### Your assignment
The output is the lines below from the one with "华纳云香港云服务器电信去程在" through the one with "Dugoočekivani rimejk Yakuza", both included, printed exactly and with no other line.

### Material provided

______________________________

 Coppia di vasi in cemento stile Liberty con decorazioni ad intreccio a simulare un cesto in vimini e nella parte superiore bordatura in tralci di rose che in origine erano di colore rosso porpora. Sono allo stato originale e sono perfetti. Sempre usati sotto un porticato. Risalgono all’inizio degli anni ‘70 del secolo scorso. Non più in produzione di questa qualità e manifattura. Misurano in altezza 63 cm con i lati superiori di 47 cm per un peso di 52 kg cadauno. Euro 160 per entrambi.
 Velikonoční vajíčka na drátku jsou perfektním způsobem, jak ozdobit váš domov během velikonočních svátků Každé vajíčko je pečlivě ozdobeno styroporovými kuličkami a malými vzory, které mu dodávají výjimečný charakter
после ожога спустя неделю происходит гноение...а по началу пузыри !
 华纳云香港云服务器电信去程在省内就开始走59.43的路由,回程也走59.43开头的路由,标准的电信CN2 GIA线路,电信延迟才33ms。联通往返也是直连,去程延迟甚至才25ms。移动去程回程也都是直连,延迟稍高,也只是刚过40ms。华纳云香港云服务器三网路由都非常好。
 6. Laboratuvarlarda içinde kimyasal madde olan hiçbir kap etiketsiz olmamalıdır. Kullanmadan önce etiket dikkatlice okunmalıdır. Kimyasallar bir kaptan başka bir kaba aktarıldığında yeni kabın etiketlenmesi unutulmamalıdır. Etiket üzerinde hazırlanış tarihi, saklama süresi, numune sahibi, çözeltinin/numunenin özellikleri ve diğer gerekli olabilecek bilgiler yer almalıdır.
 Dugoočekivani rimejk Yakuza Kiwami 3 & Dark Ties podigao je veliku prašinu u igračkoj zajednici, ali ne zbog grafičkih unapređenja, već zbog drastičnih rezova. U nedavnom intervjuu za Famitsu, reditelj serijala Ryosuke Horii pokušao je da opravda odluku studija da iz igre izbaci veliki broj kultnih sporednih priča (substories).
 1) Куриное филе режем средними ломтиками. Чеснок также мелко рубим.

______________________________

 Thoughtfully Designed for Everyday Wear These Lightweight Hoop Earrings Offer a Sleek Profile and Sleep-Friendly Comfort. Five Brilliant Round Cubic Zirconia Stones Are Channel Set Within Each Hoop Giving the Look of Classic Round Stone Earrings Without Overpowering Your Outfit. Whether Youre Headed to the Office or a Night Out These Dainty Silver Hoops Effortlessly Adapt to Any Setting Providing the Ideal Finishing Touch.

______________________________

### Exercise output
 华纳云香港云服务器电信去程在省内就开始走59.43的路由,回程也走59.43开头的路由,标准的电信CN2 GIA线路,电信延迟才33ms。联通往返也是直连,去程延迟甚至才25ms。移动去程回程也都是直连,延迟稍高,也只是刚过40ms。华纳云香港云服务器三网路由都非常好。
 6. Laboratuvarlarda içinde kimyasal madde olan hiçbir kap etiketsiz olmamalıdır. Kullanmadan önce etiket dikkatlice okunmalıdır. Kimyasallar bir kaptan başka bir kaba aktarıldığında yeni kabın etiketlenmesi unutulmamalıdır. Etiket üzerinde hazırlanış tarihi, saklama süresi, numune sahibi, çözeltinin/numunenin özellikleri ve diğer gerekli olabilecek bilgiler yer almalıdır.
 Dugoočekivani rimejk Yakuza Kiwami 3 & Dark Ties podigao je veliku prašinu u igračkoj zajednici, ali ne zbog grafičkih unapređenja, već zbog drastičnih rezova. U nedavnom intervjuu za Famitsu, reditelj serijala Ryosuke Horii pokušao je da opravda odluku studija da iz igre izbaci veliki broj kultnih sporednih priča (substories).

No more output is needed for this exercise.